The invention discloses a functionalized graphene compound, and a preparation method and application thereof.A compound EDTA- β -CD-rGO is synthesized by a one-step hydrothermal method, and then the EDTA- β -CD-rGO is washed and dispersed and is modified on a glassy carbon electrode to obtain a modified electrode (EDTA- β -CD-rGO/GCE), and then the modified electrode is applied to the detection of free radicals.

Description

Functionalized graphene compound and preparation method and application thereof
Technical Field
The invention relates to an electrode material and electrochemical detection, in particular to a functionalized graphene compound EDTA- β -CD-rGO and a preparation method thereof, and an application of EDTA- β -CD-rGO in free radical detection.
Background
The radical is an atom, molecule, ion or group having an unpaired electron formed by homolytic cleavage of a covalent bond in a molecule of a compound under an external condition such as photo-thermal conditions.

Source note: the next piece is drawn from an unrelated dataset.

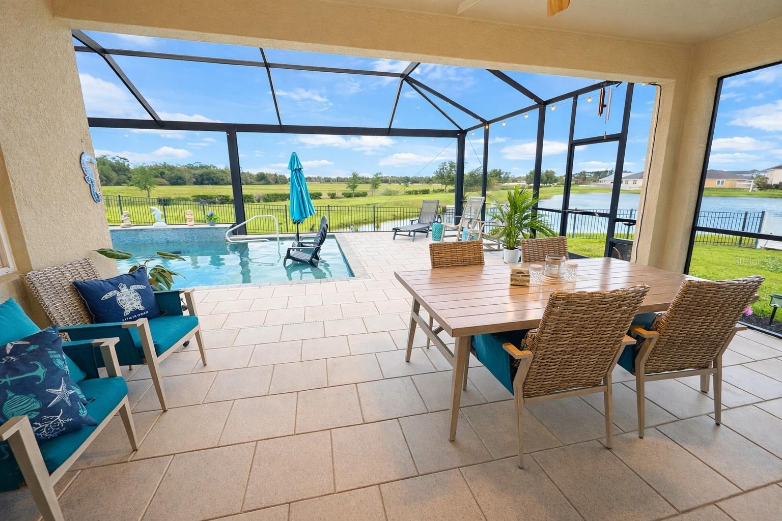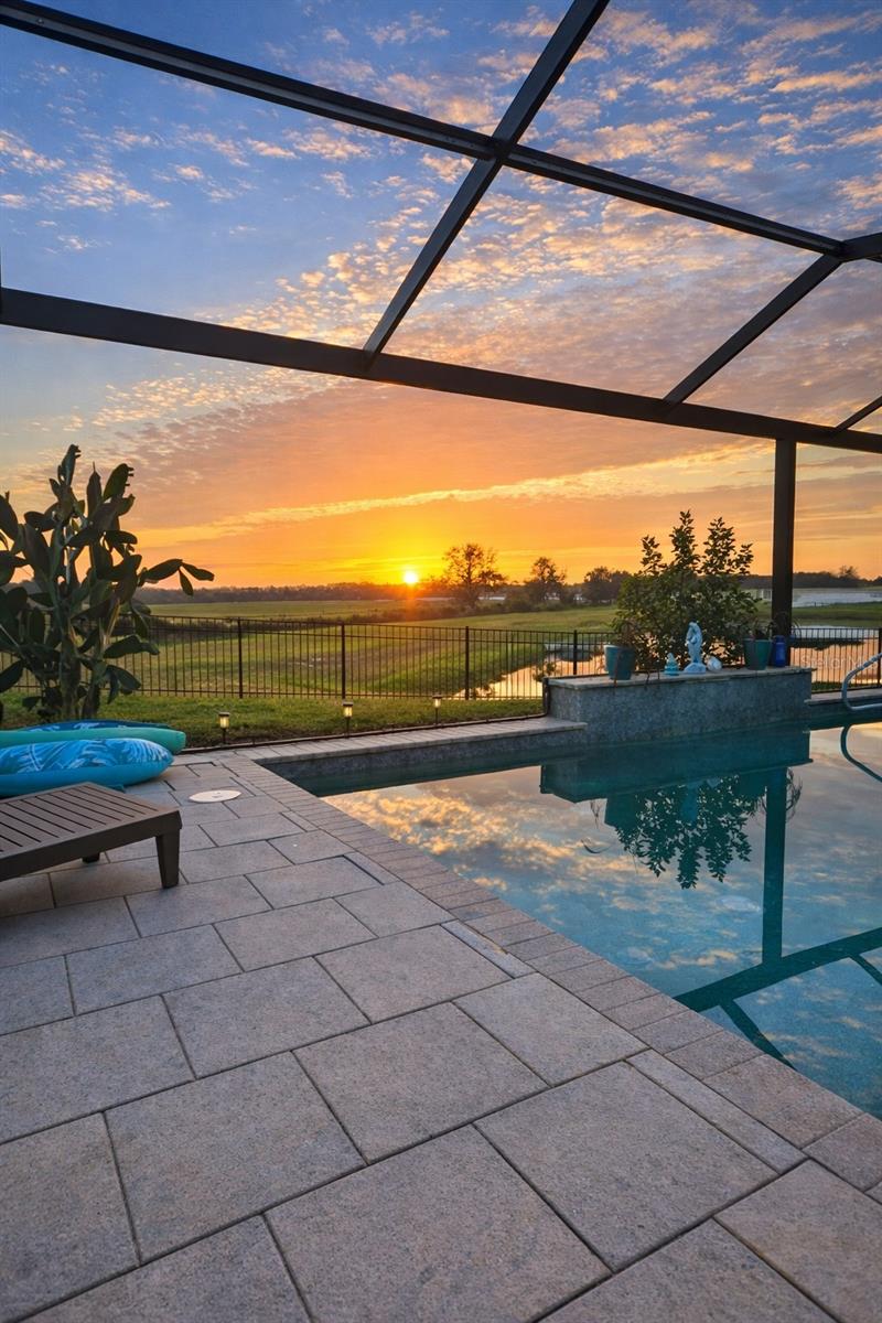 JUST LISTED! Rarely available and beautifully upgraded Next Gen one story home with a private in-law suite, 3 car garage, and oversized pie shaped premium lot with breathtaking sunrise views and glistening water vistas. Unlike new construction, this home is already thoughtfully enhanced with high end finishes, extensive upgrades, and a brand new roof, offering a level of detail and value that is truly hard to replicate. The home welcomes you with a freshly manicured lawn, updated landscaping, and new mulch, creating strong curb appeal from the moment you arrive. This sought after Camden floor plan features an open split bedroom layout with a grand foyer entrance and expansive living areas. The kitchen is designed for both everyday living and entertaining, complete with a large island, pendant lighting, granite countertops, stainless steel appliances, white cabinetry, and a spacious walk in pantry. An additional flex space off the kitchen is perfect for a breakfast area, home office, or playroom, all overlooking peaceful water and natural views. The primary suite is generously sized with room for large furnishings, a walk in closet, and a well appointed bath with dual vanities, soaking tub, separate shower, and linen storage. Two guest bedrooms share a Jack and Jill bath at the front of the home. The private in-law suite offers its own bedroom, full bath with walk in shower, living area, and kitchenette with full size refrigerator. This suite has both interior and private exterior access, making it ideal for guests, multigenerational living, teens, or even potential rental income opportunities. Step outside to your screened lanai and experience a true backyard retreat. Relax in your elegantly upgraded pool featuring travertine decking, PebbleTec finish, mosaic accents, a sun shelf with bubblers, umbrella holder, sitting ledge, and full length steps. Additional features include a fountain, fiber optic lighting, saltwater system, heater, and panoramic screen enclosure. The extended pool deck offers ample space for outdoor furniture, dining, and entertaining, creating the perfect setting to enjoy the Florida lifestyle while taking in serene water views and beautiful sunrises. The oversized pie shaped lot features a fully fenced yard with both side yards, offering plenty of space for pets, play, and privacy. With open water and natural views, this backyard setting is truly special. Additional highlights include a glass front door with hurricane protection, updated bedroom flooring, and garbage disposal. This home combines thoughtful design, premium upgrades, and an exceptional lot to create a one of a kind opportunity. Located in Del Tierra, a gated community known for its low HOA fees and no CDD, residents enjoy a welcoming, family friendly atmosphere surrounded by natural beauty. Community amenities include a resort style pool, fitness center, soccer fields, and a large playground, making it ideal for all ages. Conveniently situated just minutes from SR 64, I 75, and the Fort Hamer Bridge, with easy access to nearby shopping and dining including Costco, Target, Hobby Lobby, and more. Close proximity to top rated schools, including Gene Witt Elementary, just a short bike ride away. All information is deemed reliable but not guaranteed. Buyer and buyer agent to verify. PROFESSIONAL PHOTOS COMING SOON! Call for a showing today. This home won't last long!

About 95% or more of free radicals in the human body are oxygen radicals. Under normal physiological conditions, oxygen free radicals play an important role in metabolic processes such as cell respiration and thyroxine synthesis in human bodies, and are beneficial to human bodies. However, once the body is stressed or diseased, oxygen radicals are excessively generated, thereby causing harm to the human body. According to the free radical theory of human body aging and disease occurrence, the human body aging and disease occurrence is a process that oxidative free radicals continuously damage nucleic acid, protein, cells and organism tissues and is a process that active oxygen oxidation products are continuously accumulated. Numerous medical studies and clinical trials have demonstrated that: free radicals are electron-deficient structures that compete for electrons everywhere when they accumulate in large amounts in the body, and if electrons are removed from cellular protein molecules, the proteins are alkylated with branched chains to form aberrant molecules that are carcinogenic. This can cause damage to normal cells and tissues and even genetic mutations, which can lead to a variety of diseases and pathological processes, such as heart disease, senile dementia, parkinson's disease, tumors, etc. 1, 1-diphenyl-2-trinitrophenylhydrazine free radical (DPPH. cndot.) is taken as a stable nitrogen center free radical, and different electron losing conditions are obtained under different pH values, so that different chemical structures are formed. The sensitive detection of DPPH is beneficial to the intervention of free radicals in vivo, blocks the vicious circle of the free radicals and inhibits the generation of diseases, thereby achieving the aim of treating the diseases. Therefore, the DPPH detection method, which is efficient, rapid and sensitive, contributes to human survival and health. Moreover, electrochemical detection technology has the advantages of low cost, high sensitivity, short response time, portability and the like, and is widely favored.
The graphene nano material is formed by sp carbon atoms2In addition, the graphene has the characteristics of large specific surface area, good biocompatibility, easy functionalized modification and the like, which lays the application prospect and position of the graphene in the electrochemical field, and β -cyclodextrin (β -CD) is a three-dimensional annular structure which is formed by 7 glucose units through dehydration condensation and has a conical hollow water barrel shape, and has the characteristics of hydrophobic inner cavity and hydrophilic outer edge,the graphene nano material can provide a hydrophobic binding site like enzyme, and can be used as a host-guest enveloping effect to identify and enrich organic molecules, inorganic ions, gas molecules and the like, the graphene and β -CD with external hydrophilic characteristic form β -CD functionalized graphene through van der Waals force effect, on one hand, the solubility of the graphene in an aqueous solution can be increased, so that the graphene is prevented from being aggregated, on the other hand, the enrichment content of an object to be detected is effectively improved, so that the sensitivity of analysis and detection is improved, because 6 coordination atoms in an Ethylene Diamine Tetraacetic Acid (EDTA) structure have strong chelation on metal ions and the like in an aqueous phase, the EDTA is connected to the surface of the graphene, the enrichment capacity and the conductivity of the graphene nano material on a target object are further enhanced, and the compound EDTA- β -CD-rGO is prepared from the three materials through a hydrothermal method for the first time, and is used for DPPH detection for the first time.
Disclosure of Invention
The invention aims to provide a functionalized graphene compound EDTA- β -CD-rGO and a preparation method thereof, and the prepared compound can be used for electrochemical analysis and detection of free radicals.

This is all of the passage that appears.